Ta strona nie pasuje do mojego stylu. Jest duża szansa, że rozczarujesz się ofertą Watch4Beauty, jeśli zazwyczaj klepiesz sobie do premium sieci pełnych analnych filmików, orgii i nastoletniego rozdziewiczania w 4K. Choć mają nieco lesbijskiej akcji i okazjonalny złoty deszcz, ogólnie jest tutaj dość grzecznie. Zazwyczaj będziesz sobie bił kapucyna do dziewczyn solo, z nikim, kto wepchnąłby w nie kutasa. W sumie to nie widziałem żadnego kutasa w trakcie swojej wizyty.

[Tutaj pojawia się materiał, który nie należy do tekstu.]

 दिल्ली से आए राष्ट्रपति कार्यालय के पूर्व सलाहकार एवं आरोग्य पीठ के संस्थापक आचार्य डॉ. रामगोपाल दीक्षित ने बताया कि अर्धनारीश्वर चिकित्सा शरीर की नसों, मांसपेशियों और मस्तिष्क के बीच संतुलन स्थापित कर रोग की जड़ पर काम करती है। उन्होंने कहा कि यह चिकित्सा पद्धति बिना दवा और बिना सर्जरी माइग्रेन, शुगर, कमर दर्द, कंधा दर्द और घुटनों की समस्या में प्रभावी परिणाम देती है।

Kolejny nietypowy element, to współczynnik zdjęć do filmów. Mają wiele więcej zdjęć, niż inne płatne strony i kładą na nie wiele większy nacisk. Chyba autentycznie spodziewają się, że użytkownicy będą sobie klepać do nich, pewnie tak robią, większość innych stron dodaje zdjęcia, by podbić sobie ilość materiału.

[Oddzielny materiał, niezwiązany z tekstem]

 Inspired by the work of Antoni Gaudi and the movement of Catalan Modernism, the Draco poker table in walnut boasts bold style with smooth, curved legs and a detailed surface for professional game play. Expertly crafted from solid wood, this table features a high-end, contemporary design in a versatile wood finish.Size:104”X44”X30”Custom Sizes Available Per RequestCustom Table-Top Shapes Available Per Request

To nie będzie strona dla każdego, ale Watch4Beauty.com zdecydowanie ma własny styl pornoli. To miękkie, wyższej klasy, bardziej artystyczne podejście, wciąż jednak kurewsko seksowne. Rekomenduję rzucić okiem na ich stronę pokazową, jeśli doceniasz wyrafinowaną erotykę bardziej, niż typowe zboki. Jeśli podoba Ci się to, co widzisz z przodu, to dalej jest tego wiele więcej.